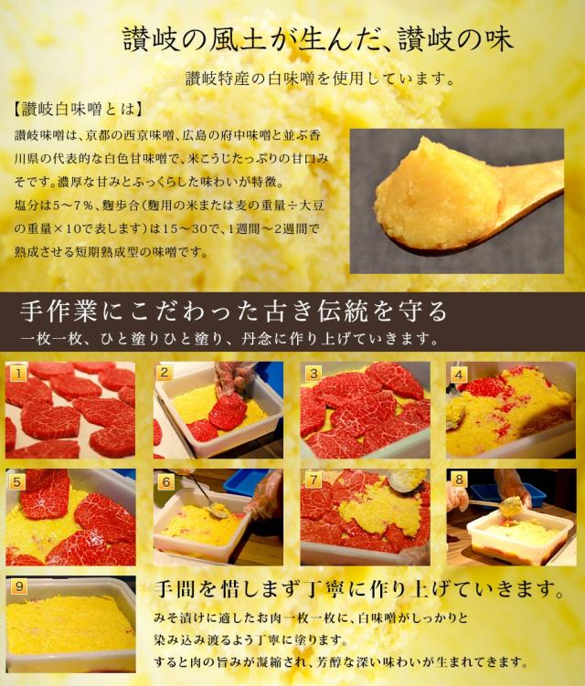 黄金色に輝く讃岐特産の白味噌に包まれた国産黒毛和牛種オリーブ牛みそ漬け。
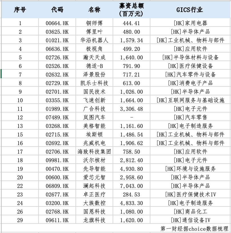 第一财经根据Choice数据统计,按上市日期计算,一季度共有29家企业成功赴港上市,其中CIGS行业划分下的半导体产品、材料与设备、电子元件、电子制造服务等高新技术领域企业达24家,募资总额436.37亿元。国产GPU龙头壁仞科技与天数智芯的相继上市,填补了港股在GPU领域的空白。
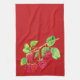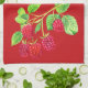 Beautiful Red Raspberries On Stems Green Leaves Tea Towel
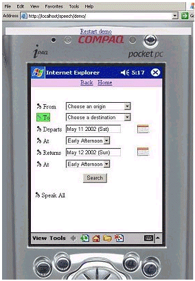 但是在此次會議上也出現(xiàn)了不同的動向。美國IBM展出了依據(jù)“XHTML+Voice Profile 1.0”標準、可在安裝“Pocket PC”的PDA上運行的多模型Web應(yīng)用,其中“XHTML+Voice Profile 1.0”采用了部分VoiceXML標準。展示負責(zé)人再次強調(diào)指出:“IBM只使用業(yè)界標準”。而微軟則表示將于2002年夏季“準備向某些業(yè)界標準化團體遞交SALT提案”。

---

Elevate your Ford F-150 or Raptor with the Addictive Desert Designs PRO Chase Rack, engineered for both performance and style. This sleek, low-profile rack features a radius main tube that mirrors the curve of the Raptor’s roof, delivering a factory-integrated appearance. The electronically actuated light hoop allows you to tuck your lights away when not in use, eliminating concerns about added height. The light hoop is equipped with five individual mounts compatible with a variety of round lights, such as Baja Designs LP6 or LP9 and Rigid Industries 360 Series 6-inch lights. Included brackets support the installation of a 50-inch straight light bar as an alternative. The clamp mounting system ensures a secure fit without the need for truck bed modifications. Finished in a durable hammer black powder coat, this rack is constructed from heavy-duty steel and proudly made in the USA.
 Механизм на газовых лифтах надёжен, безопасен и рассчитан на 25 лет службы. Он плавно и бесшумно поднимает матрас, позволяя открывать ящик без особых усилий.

▶ **Problem requirements**
Go down the entries above from the line containing "黄金色に輝く讃岐特産の白味噌に包まれた国産黒毛和牛種オリーブ牛みそ漬け。" to the line containing "Beautiful Red Raspberries" and write out each line exactly, leaving pictures out.

▶ **Answer below**
 黄金色に輝く讃岐特産の白味噌に包まれた国産黒毛和牛種オリーブ牛みそ漬け。
 第一财经根据Choice数据统计,按上市日期计算,一季度共有29家企业成功赴港上市,其中CIGS行业划分下的半导体产品、材料与设备、电子元件、电子制造服务等高新技术领域企业达24家,募资总额436.37亿元。国产GPU龙头壁仞科技与天数智芯的相继上市,填补了港股在GPU领域的空白。
 Beautiful Red Raspberries On Stems Green Leaves Tea Towel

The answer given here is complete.